Arlington, Va. — The Air-Conditioning, Heating, and Refrigeration Institute (AHRI) applauded the resolution of a lawsuit regarding implementation and enforcement of regional standards for residential central air conditioners (ACs) and non-weatherized furnaces. AHRI was instrumental in a settlement agreement, which was signed by all parties to the lawsuit and submitted to the U.S. Circuit Court of Appeals for the D.C. Circuit today.
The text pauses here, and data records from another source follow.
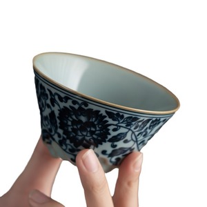 天青汝窑青花缠枝莲主人杯品茗杯开片可养功夫茶杯单杯个人杯子
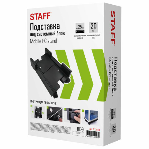 Передвижная подставка для системного блока STAFF используется для установки системных блоков шириной от 155 до 260 мм.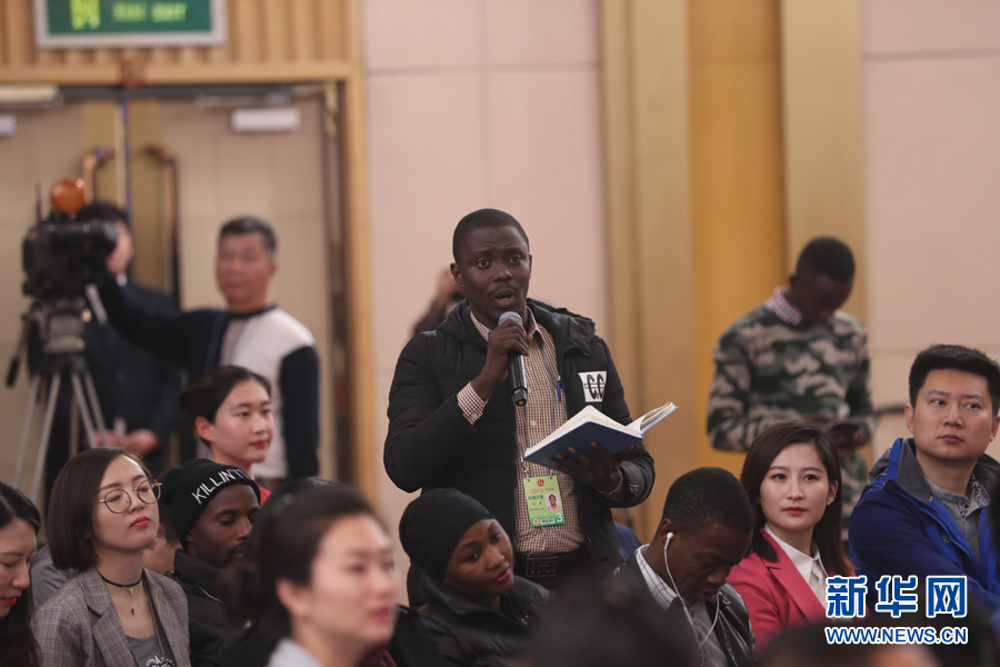 十三屆全國人大一次會議新聞中心于3月7日在梅地亞中心多功能廳舉行記者會,邀請農(nóng)業(yè)部部長韓長賦,農(nóng)業(yè)部新聞發(fā)言人、辦公廳主任潘顯政就“實施鄉(xiāng)村振興戰(zhàn)略 推動農(nóng)業(yè)轉(zhuǎn)型升級”的相關(guān)問題回答中外記者的提問。圖為外國記者提問。新華網(wǎng)/中國政府網(wǎng) 陳杰 攝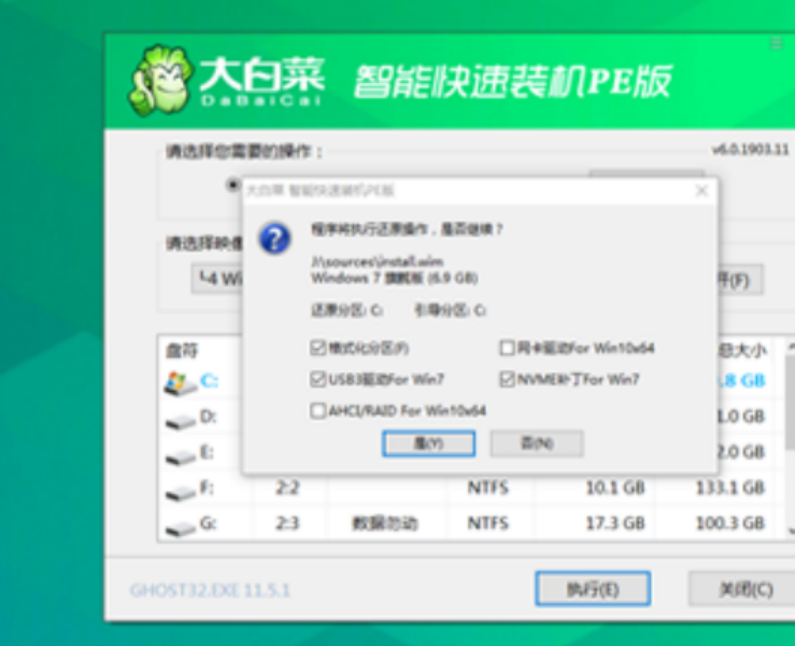 1、電腦插入U盤后,打開大白菜U盤制作工具,點擊“是”在線下載組件,更新成功后點擊“一鍵制作成USB啟動盤”即可。
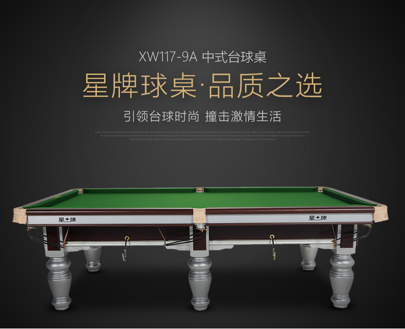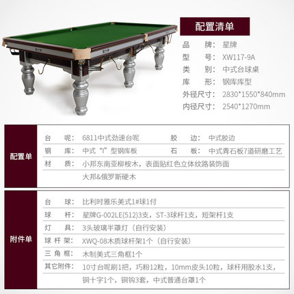 星牌 臺球桌 XW117-9A中式黑八鋼庫球臺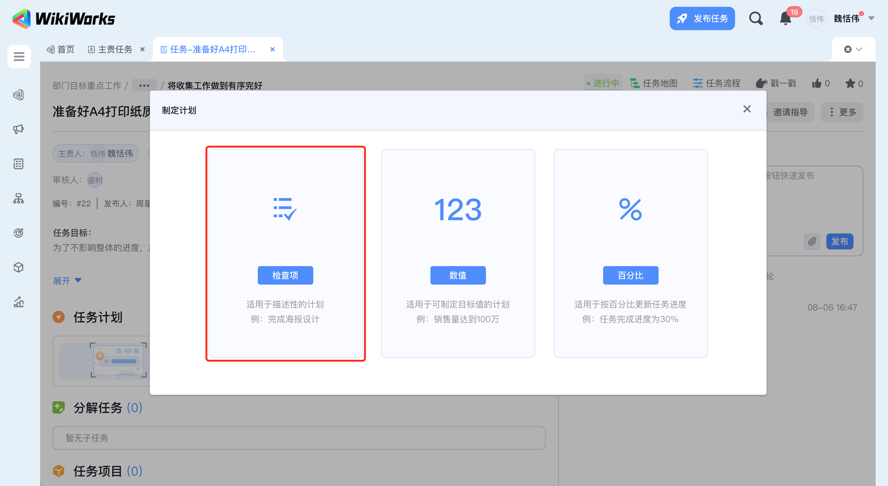 对于任务周期较长、执行细节要求多的任务,可以按「检查项」制定计划。点击「制定成果」,选择检查项,输入成果名称。每输入一个检查项后按下「Enter」键,你就可快速添加下一个检查项。选中某检查项的复选框,该项字体颜色变为灰色,被横线划掉,表示该项已完成,点击「发布」更新成功,该关键结果的完成百分比会随之变化。
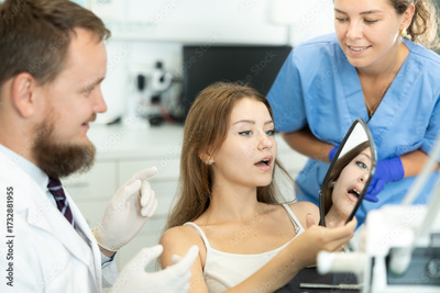 Interested young woman sits in a dentist chair and carefully looks at her teeth in the mirror. Male dentist with an assistant shows the client the work done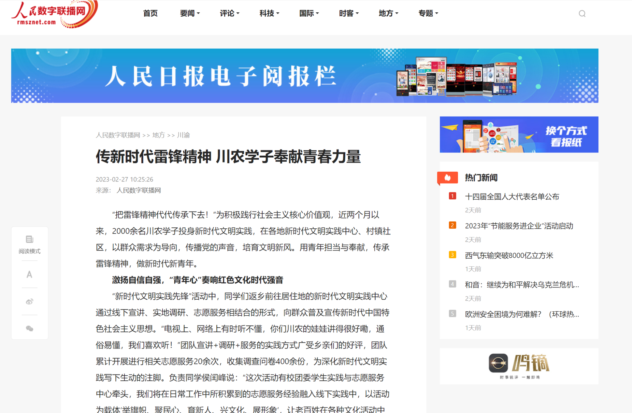 今年是毛泽东等老一辈革命家为雷锋同志题词60周年。在新征程上,为深刻把握雷锋精神的时代内涵,四川农业大学积极引导青年学子投身新时代文明实践“最后一公里”,让学雷锋在人民群众特别是青少年中蔚然成风,让学雷锋活动融入日常、化作经常,让雷锋精神在新时代绽放更加璀璨的光芒,为全面建设社会主义现代化国家、全面推进中华民族伟大复兴凝聚青春力量。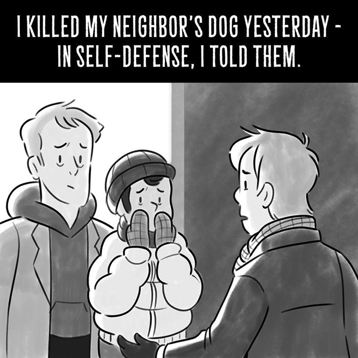 ▼「昨天我殺了我鄰居的狗,我告訴他們那是自我防衛。」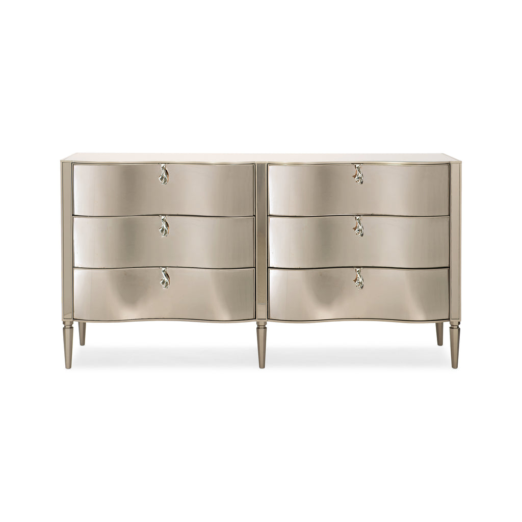 A statement of dazzling glamour, the Wonder-full 6-Drawer Dresser from Caracole is a designer favorite for its shapely curves and rich mix of materials. This beautiful dresser is defined by its sophisticated Golden Shimmer finish, which is beautifully complemented by a bronze mirrored top, end panels, and post overlays. Six spacious drawers offer ample storage, while dazzling, jewelry-like drawer pulls and gracefully shaped legs add a final element of unexpected beauty. A fusion of classic and modern influences, it's a stunning and unforgettable centerpiece for any luxurious bedroom.

The court is expected to accept the agreement, thereby ending the litigation and allowing the regional AC and national heat pump standards to go into effect, as scheduled, January 1, 2015.
Under the settlement agreement, the regional non-weatherized furnace standards contained in the Final Rule promulgated by the Department of Energy (DOE) in 2011 and stayed by the Court in 2012, will be vacated, and DOE will undertake another rulemaking for those products. In addition, the agreement provides for an 18-month grace period – until July 1, 2016 – for compliance with the regional AC standards, a provision designed to avoid stranded inventory and protect manufacturers, distributors, and contractors.
The agreement also includes a commitment by DOE to review and clarify the process by which direct final rules are promulgated; and a pledge by the agency to initiate a negotiated enforcement rulemaking involving all stakeholders.
“This is a significant accomplishment for the industry, and it wouldn’t have been possible without Heating, Air-conditioning & Refrigeration Distributors International (HARDI), Air Conditioning Contractors of America (ACCA), and AHRI all coming together,” said AHRI President & CEO Stephen Yurek. “The leverage HARDI created with its motion to get DOE to agree to the terms they agreed to will really help not only for today as we look at the regional standards going into effect for cooling equipment, but also for the future, for having a clearer picture of the DOE’s rulemaking process,” he added.